Он внимательно посмотрел на нее.

— Так что же, мадам, мне ответить мистеру Ли?

Лидия беспомощно всплеснула руками.

— Конечно… конечно, вы должны принять его предложение.

IV

Пилар стояла посреди музыкальной комнаты. Она бросала испуганные взгляды в разные стороны. Всем своим видом Пилар напоминала затравленного зверька, в страхе ожидающего неожиданного нападения.

— Как мне хочется уехать отсюда! — воскликнула она.

— Не вы одна, — мягко произнес Стивен Фарр, — чувствуете себя так же. Но они не дадут нам уехать, дорогая моя.

— Вы имеете в виду полицию?

— Да.

— Очень неприятно быть замешанным в историю, — серьезно заметила Пилар. — Такого не должно происходить с респектабельными людьми.

— Вы говорите о себе? — улыбнулся Стивен.

— Нет, я имею в виду Альфреда и Лидию, Дэвида, Джорджа, Хильду и… да, и Магдалену тоже.
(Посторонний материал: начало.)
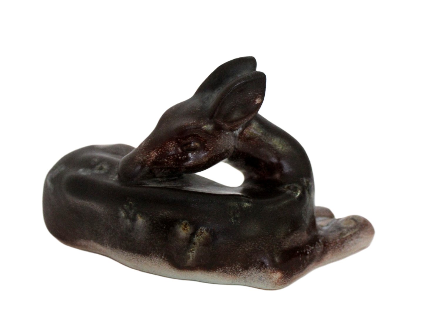 Michael Andersen, Bornholm, Liggende Hjort. Nr. 3225. Ældre model. Længde 14 cm. Højde 8 cm. Pris: 400 kr.

Стивен зажег сигарету, затянулся несколько раз и лишь потом уж осведомился:

— Почему же не всех?

— Что вы говорите?

— Я говорю, почему вы не упомянули о Гарри?

Пилар засмеялась, обнажив белые, ровные зубы.
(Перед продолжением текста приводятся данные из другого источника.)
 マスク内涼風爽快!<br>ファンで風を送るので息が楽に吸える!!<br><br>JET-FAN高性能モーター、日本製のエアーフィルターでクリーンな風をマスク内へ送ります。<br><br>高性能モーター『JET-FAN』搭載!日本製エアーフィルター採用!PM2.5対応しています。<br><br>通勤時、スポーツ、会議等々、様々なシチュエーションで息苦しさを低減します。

— О, Гарри — это совсем другое дело! Я думаю, ему не впервой иметь дело с полицией.

— Возможно, вы правы. Он как-то не очень вписывается в семейный интерьер. А вам нравятся, — продолжал он, — ваши английские родственники, Пилар?

— Они добры, — колеблясь, ответила Пилар, — они все очень добры ко мне. Но они все какие-то мрачные, не смеются и даже не улыбаются.

— Милая моя, чего же вы хотите, в доме только что произошло убийство!

— Д-да, конечно, но…

— Убийство, — наставительно произнес Стивен, — не такое уж каждодневное событие, чтобы говорить, о нем таким безразличным тоном. В Англии к каждому убийству относятся гораздо серьезнее, нежели у вас в Испании.

— Вы смеетесь надо мной… — обиделась Пилар.

— Ничуть не бывало, — возразил Стивен. — Мне вовсе не до смеха.

Пилар посмотрела на него.

— А вам тоже хочется уехать отсюда?

— Да.

— А этот высокий красивый полицейский вас не отпускает?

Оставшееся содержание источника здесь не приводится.